PROBLEM TO WORK ON » Only the lines from the one with "該卷板機屬于液壓型三輥卷板機" through the end of the material are wanted, copied exactly and with the pictures left out.

STORED DATA »
↓
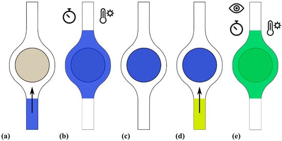 Schematic representation of a series of operations that integrates aliquoting: (a) Injection of the first reagent (blue) into the chamber. (b) First reaction during a given time at a specified temperature. (c) Removal of the excess liquid and aliquoting in the porous material. (d) Injection of the second reagent (yellow) into the chamber. (e) Mixing (green), second reaction during a given time at a specified temperature, and final readout.
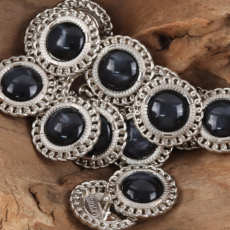 Ovi retro gumbi s urezanim smolastim draguljima i zlatnim rubovima luksuzan su izbor za haljine i kapute u stilu slavnih. Sjajni zlatni rubovi dodaju dašak raskoši i elegancije, stvarajući zapanjujući kontrast. Urezani smolasti dragulji oponašaju izgled dragocjenih kamenja, dajući bogat i glamurozan izgled. Izrađeni od visokokvalitetnog metala, izdržljivi su i čvrsti. Jedinstveni dizajn čini ih upečatljivim modnim dodatkom koji može odmah podići izgled bilo kojeg odjevnog predmeta. Bilo da je riječ o formalnom događaju ili posebnoj prigodi, ovi gumbi dodaju dašak sofisticiranosti i šarma. Savršeni su za one koji žele istaknuti svoj modni izbor, dodajući dašak luksuza i retro glamura svojim haljinama i kaputima, čineći nositelja pravom zvijezdom.
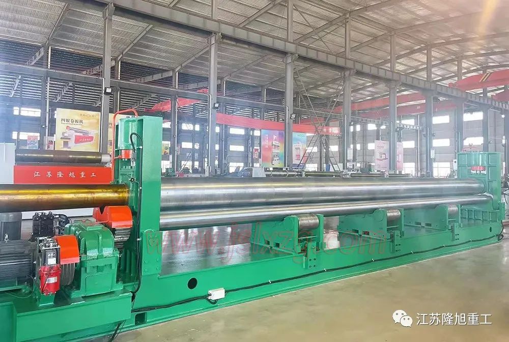 該卷板機屬于液壓型三輥卷板機,上輥可以通過液壓傳動垂直升降。下輥由電機、減速機帶動進行卷圓。由于下輥的標高不變,所以便于進料和操作。設備采用PLC可編程顯示器控制,運行平穩、靈活,無卡阻。該設備輥面還采用了鍍鉻工藝,更適合卷制不銹鋼罐體。
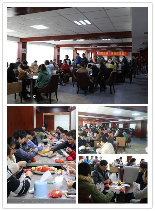 为迎接2016年新春,丰富员工业余文化生活,提高职工团队协作意识,促进职工之间的相互交流,公司特举办“华威杯”迎新年掼蛋大赛。比赛由员工自由组合和配对,共48对选手参与了比赛。本着友谊第一,比赛第二的精神,比赛现场既有紧张的比赛氛围,也充满了欢声笑语。经过40余场的激烈角逐,来自合成三部的贾凯、宁朋获得了第一名,来自合成六部的沈东、于智宇获得了第二名,来自合成三部的赵冬冬、程奇获得第三名。
↑
SOLVED PROBLEM »
 該卷板機屬于液壓型三輥卷板機,上輥可以通過液壓傳動垂直升降。下輥由電機、減速機帶動進行卷圓。由于下輥的標高不變,所以便于進料和操作。設備采用PLC可編程顯示器控制,運行平穩、靈活,無卡阻。該設備輥面還采用了鍍鉻工藝,更適合卷制不銹鋼罐體。
 为迎接2016年新春,丰富员工业余文化生活,提高职工团队协作意识,促进职工之间的相互交流,公司特举办“华威杯”迎新年掼蛋大赛。比赛由员工自由组合和配对,共48对选手参与了比赛。本着友谊第一,比赛第二的精神,比赛现场既有紧张的比赛氛围,也充满了欢声笑语。经过40余场的激烈角逐,来自合成三部的贾凯、宁朋获得了第一名,来自合成六部的沈东、于智宇获得了第二名,来自合成三部的赵冬冬、程奇获得第三名。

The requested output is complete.